Posted at 5:28 AM, Jun 19, 2017
and last updated 2017-06-19 17:13:45-04

Mars is the next frontier, according to people like Elon Musk. A Valley doctor wants to be the first surgeon treating people traveling to -- and living on -- the red planet.  

“I’ve always wanted to be an astronaut,” said Dr. Eric Petersen, surgery resident at Banner University Medical Center. Two years into his residency, Petersen is putting it on hold to take part in an aerospace medicine program at Wright State University.

"The difficulty of going to Mars is that you have communication delays, you have minimal supplies, they don’t really have an idea of how they would handle a trauma, per say."

He wants to figure out the solutions, from scaling robotics and using specialized chambers and 3-D printed instruments.

"How would you do some of the same things we do here, with all of the resources that we have, when you have none?”

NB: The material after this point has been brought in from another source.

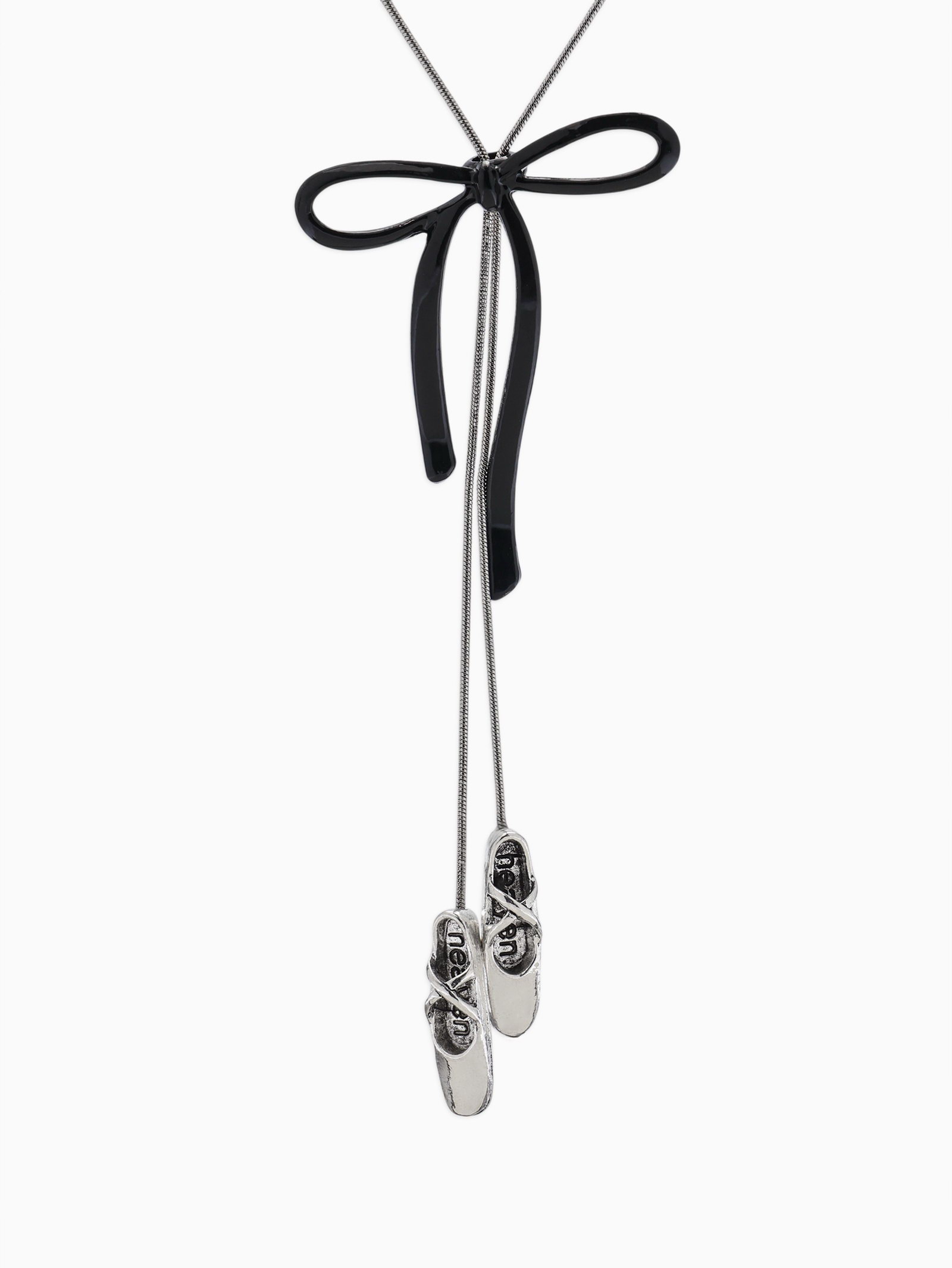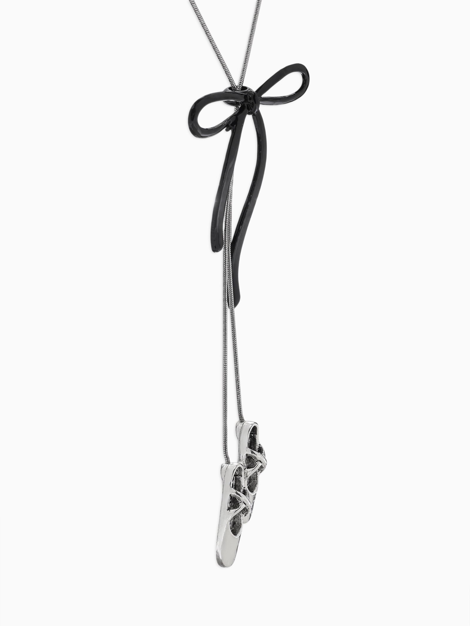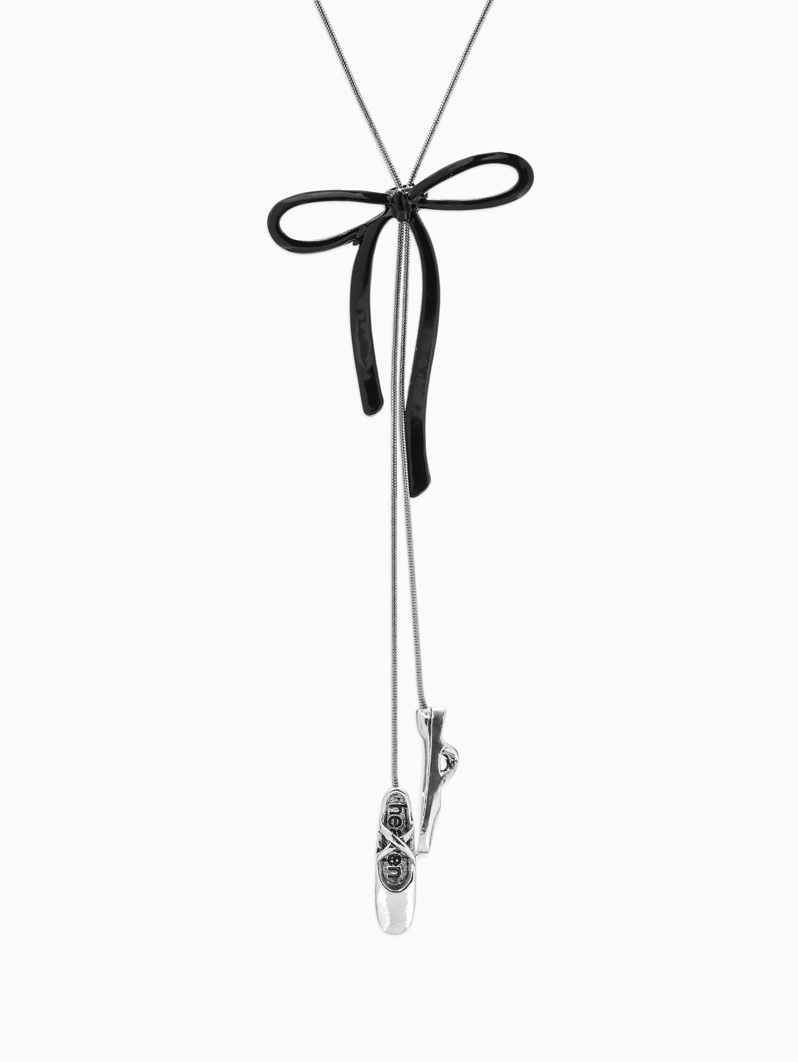 Колье-чокер на затяжке "Балерина. Пуанты с бантиком", L=60 см, цвет серебро, чёрный, 1x60x1 см., QF, Китай

Petersen will rotate through Johnson Space Center, Kennedy Space Center and other locations during his program. After two years, he’ll return to Banner to finish his five-year residency where he hopes to initially apply his out-of-this-world thinking.

"We have this tiny little space station that we're trying to keep everyone alive on,” he said. “You have these really complex problems and if you can solve them, often times, the solutions give you nice little solutions to problems here on Earth."